Turning a new leaf: Vegan brands have shed billions since their IPOs

Turning a new leaf

Alternative vegan products — mostly soy, gluten, and plant protein fashioned into cow-less burger patties, pork-free sausages, and milk-that-isn’t-milk — have been leading the charge. Investment in veggie-friendly companies saw sales for plant-based foods grow 44% in the 3 years up to 2022, and some predict that plant-based food could make up to ~8% of the global protein market by 2030.

However, the plant-based “meat” market specifically has cooled. Despite US retail sales for plant-based meat doubling between 2017 and 2020, spearheaded by buzzy companies like Beyond Meat and Impossible Foods, purchases plateaued from 2020 onwards, with dollar sales actually shrinking slightly (-1%) between 2021-2022.

**It's just not the same?**‍

Beyond Meat burst into the field in 2009, having successfully harnessed a technology for realigning protein in plants, before pulling off 2019’s top US IPO — citing Bill Gates and Leonardo DiCaprio amongst its star-studded investors. The company's share price was driven up 163% on its first day of trading, eventually going on to reach a peak market cap of $14bn.

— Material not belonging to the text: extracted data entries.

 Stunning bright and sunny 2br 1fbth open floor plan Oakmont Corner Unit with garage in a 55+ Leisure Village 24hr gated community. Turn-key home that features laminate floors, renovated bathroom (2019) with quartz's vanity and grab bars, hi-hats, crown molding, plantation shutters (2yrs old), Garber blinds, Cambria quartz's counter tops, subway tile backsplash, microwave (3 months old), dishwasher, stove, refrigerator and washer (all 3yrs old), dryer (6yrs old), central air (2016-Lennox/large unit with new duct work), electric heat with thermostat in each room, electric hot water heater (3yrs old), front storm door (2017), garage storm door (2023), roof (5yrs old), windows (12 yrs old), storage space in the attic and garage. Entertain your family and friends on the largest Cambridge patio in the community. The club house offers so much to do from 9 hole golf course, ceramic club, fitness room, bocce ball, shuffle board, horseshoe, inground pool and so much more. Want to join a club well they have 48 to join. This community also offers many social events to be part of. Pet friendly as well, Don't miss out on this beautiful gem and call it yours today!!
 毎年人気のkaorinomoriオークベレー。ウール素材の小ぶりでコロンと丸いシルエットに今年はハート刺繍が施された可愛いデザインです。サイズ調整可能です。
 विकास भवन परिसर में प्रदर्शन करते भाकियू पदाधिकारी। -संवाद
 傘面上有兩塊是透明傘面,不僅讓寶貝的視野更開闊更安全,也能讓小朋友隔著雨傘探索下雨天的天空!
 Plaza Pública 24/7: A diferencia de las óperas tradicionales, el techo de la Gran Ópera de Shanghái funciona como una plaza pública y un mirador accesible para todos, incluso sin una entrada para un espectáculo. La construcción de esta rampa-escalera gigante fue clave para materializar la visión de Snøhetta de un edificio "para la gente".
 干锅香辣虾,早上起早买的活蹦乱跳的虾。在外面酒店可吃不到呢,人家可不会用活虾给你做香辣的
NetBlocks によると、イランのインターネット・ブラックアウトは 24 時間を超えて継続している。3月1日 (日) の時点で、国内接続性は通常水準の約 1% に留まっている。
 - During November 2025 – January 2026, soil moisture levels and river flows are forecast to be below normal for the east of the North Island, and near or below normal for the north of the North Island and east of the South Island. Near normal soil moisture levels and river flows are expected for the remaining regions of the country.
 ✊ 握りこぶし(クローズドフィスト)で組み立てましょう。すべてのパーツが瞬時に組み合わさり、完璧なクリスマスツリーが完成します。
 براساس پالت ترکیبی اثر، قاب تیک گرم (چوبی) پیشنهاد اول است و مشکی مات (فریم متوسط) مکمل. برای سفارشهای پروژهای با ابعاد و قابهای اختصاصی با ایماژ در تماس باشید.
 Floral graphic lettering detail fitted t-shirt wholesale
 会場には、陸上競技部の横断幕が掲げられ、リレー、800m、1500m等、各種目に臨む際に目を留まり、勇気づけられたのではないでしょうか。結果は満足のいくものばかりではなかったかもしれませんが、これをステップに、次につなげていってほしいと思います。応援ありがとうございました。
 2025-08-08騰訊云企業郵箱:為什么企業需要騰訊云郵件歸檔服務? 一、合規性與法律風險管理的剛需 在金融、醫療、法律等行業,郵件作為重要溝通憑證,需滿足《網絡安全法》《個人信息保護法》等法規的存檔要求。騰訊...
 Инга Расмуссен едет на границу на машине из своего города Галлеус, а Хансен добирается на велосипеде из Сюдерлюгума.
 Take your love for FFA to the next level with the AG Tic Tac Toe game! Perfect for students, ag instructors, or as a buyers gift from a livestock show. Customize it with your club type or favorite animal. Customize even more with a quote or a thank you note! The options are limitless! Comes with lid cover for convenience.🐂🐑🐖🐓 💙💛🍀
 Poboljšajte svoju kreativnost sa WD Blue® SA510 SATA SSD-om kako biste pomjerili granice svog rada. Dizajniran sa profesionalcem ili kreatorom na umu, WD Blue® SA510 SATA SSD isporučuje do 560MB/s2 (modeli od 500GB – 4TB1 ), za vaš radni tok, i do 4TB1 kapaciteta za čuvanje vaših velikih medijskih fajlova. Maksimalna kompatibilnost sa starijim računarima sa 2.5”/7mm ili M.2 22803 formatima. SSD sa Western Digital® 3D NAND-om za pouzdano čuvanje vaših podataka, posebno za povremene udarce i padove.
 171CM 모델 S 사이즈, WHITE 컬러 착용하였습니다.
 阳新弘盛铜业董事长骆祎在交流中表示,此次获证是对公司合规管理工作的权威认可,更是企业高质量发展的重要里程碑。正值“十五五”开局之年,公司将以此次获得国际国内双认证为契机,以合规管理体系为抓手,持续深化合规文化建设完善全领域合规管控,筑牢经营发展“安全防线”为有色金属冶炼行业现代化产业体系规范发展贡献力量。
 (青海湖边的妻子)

But, per nature, what goes up, must come down: Beyond Meat just couldn't maintain its sizzle, as sales slipped, costs rose and optimism faded. By late last year the company was worth less than $1bn. A similar fate befell the Oprah-backed, oat-derived plant-milk brand Oatly: after the initial excitement of its own IPO, Oatly’s value steadily drained— as we noted later that year — before settling around its current valuation of ~$760m. So far, the next big category-defining vegan-friendly company hasn't hit the mainstream.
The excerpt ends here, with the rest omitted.